State how many lines of the data below hold the string "stáisiúin", giving nothing but the number.

[Records excerpted from a collection]
☆ ☆ ☆ ☆ ☆ ☆ ☆

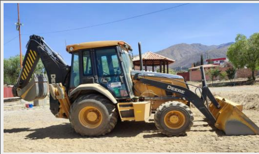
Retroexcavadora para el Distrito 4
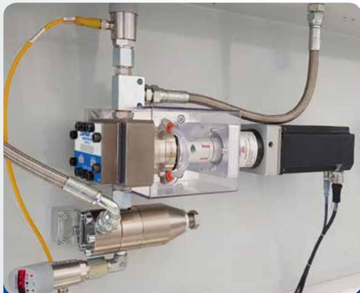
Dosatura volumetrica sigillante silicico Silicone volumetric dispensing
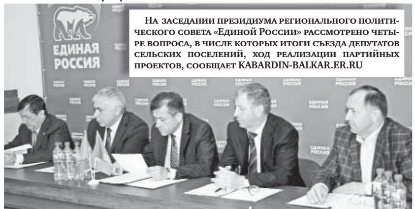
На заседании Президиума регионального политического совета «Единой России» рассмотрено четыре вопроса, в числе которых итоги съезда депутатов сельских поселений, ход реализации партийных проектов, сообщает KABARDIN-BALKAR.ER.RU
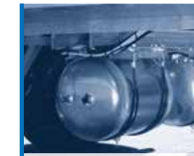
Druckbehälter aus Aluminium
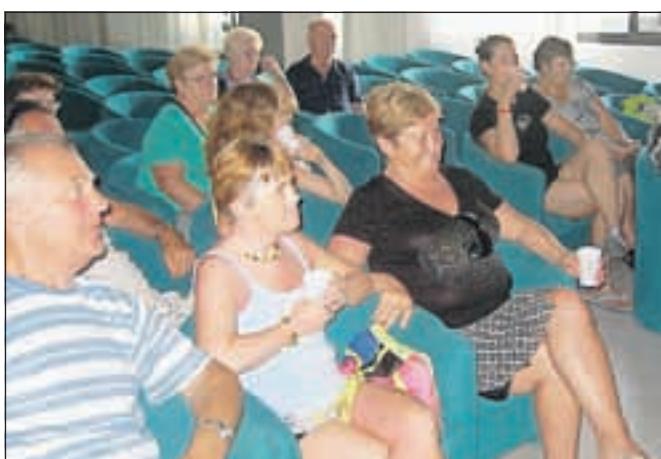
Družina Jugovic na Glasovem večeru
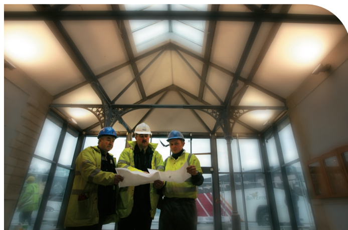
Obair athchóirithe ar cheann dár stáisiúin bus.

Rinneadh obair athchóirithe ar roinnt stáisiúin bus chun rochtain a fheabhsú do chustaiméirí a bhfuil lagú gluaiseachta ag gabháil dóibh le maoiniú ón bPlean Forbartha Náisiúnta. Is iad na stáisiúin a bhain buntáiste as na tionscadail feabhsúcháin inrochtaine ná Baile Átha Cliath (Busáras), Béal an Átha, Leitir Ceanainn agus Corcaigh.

☆ ☆ ☆ ☆ ☆ ☆ ☆

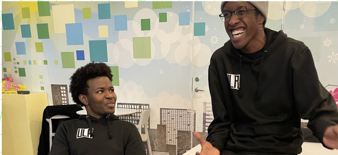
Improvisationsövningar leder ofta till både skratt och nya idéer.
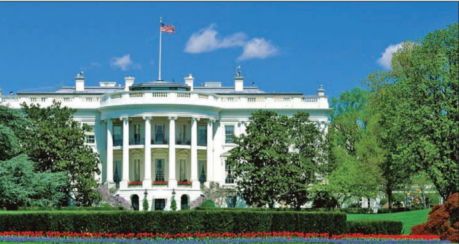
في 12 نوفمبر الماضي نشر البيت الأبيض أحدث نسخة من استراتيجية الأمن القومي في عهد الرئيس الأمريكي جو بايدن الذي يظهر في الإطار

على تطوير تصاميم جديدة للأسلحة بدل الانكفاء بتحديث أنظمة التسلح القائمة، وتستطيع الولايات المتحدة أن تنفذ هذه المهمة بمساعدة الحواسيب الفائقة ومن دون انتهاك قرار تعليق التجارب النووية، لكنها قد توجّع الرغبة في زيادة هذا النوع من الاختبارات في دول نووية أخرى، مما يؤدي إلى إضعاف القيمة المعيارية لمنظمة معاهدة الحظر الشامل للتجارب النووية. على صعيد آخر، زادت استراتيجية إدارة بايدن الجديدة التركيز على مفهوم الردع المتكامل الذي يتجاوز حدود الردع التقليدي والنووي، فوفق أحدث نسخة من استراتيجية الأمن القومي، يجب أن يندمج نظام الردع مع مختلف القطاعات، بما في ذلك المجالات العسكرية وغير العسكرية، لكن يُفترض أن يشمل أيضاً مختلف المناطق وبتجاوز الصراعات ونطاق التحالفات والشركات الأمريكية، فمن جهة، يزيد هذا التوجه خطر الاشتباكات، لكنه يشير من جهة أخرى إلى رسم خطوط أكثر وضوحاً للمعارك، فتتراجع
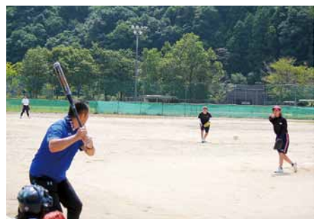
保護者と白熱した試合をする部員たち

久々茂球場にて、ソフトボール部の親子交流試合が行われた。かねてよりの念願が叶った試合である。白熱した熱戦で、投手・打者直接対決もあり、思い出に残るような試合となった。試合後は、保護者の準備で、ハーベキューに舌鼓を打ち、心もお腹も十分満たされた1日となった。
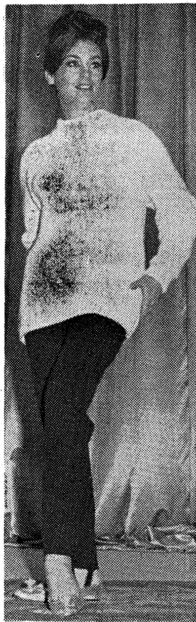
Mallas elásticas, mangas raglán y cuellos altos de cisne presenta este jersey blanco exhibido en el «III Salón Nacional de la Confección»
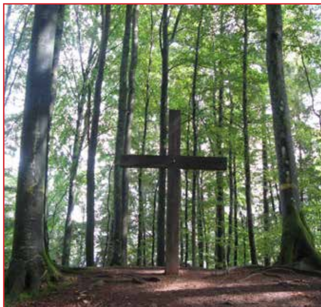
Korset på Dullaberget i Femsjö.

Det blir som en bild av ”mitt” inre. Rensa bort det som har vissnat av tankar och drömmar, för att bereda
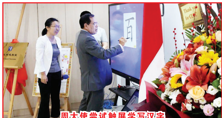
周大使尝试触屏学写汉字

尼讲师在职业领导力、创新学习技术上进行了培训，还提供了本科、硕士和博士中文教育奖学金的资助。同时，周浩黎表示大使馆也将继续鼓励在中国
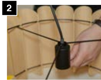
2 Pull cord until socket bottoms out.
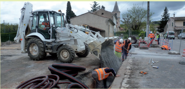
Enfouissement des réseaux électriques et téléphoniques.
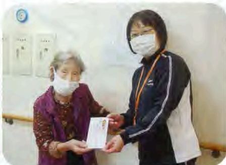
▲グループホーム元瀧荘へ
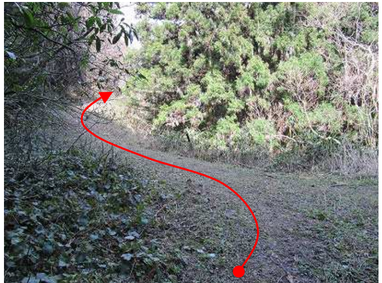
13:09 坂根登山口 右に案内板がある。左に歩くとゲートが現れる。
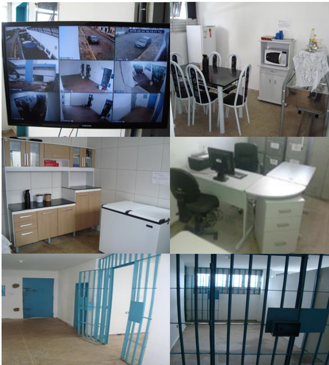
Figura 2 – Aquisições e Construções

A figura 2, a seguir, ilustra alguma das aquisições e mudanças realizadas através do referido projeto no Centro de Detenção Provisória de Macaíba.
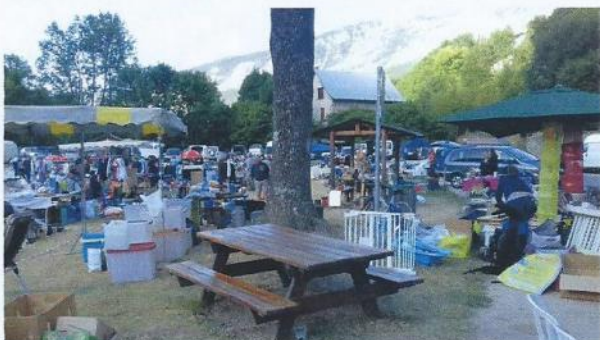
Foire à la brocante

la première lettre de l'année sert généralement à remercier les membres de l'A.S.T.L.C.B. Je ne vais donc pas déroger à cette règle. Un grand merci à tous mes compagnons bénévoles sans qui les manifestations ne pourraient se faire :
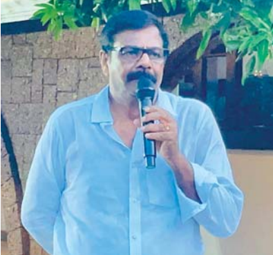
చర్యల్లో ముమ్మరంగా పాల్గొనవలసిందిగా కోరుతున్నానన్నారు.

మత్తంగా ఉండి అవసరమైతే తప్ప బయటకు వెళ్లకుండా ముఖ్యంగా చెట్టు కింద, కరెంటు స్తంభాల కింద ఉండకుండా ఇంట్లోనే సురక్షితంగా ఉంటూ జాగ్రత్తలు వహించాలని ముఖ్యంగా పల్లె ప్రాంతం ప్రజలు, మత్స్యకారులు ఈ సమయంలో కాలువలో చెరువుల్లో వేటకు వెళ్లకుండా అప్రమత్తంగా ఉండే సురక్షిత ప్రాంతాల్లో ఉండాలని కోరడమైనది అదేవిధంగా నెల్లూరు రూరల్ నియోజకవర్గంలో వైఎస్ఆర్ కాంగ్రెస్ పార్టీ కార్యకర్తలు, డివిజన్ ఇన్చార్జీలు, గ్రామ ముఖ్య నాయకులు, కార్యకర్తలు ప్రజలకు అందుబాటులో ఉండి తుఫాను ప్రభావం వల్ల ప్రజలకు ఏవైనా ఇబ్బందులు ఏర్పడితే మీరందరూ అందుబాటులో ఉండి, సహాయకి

☆ ☆ ☆ ☆ ☆ ☆ ☆

### [Completed task]
2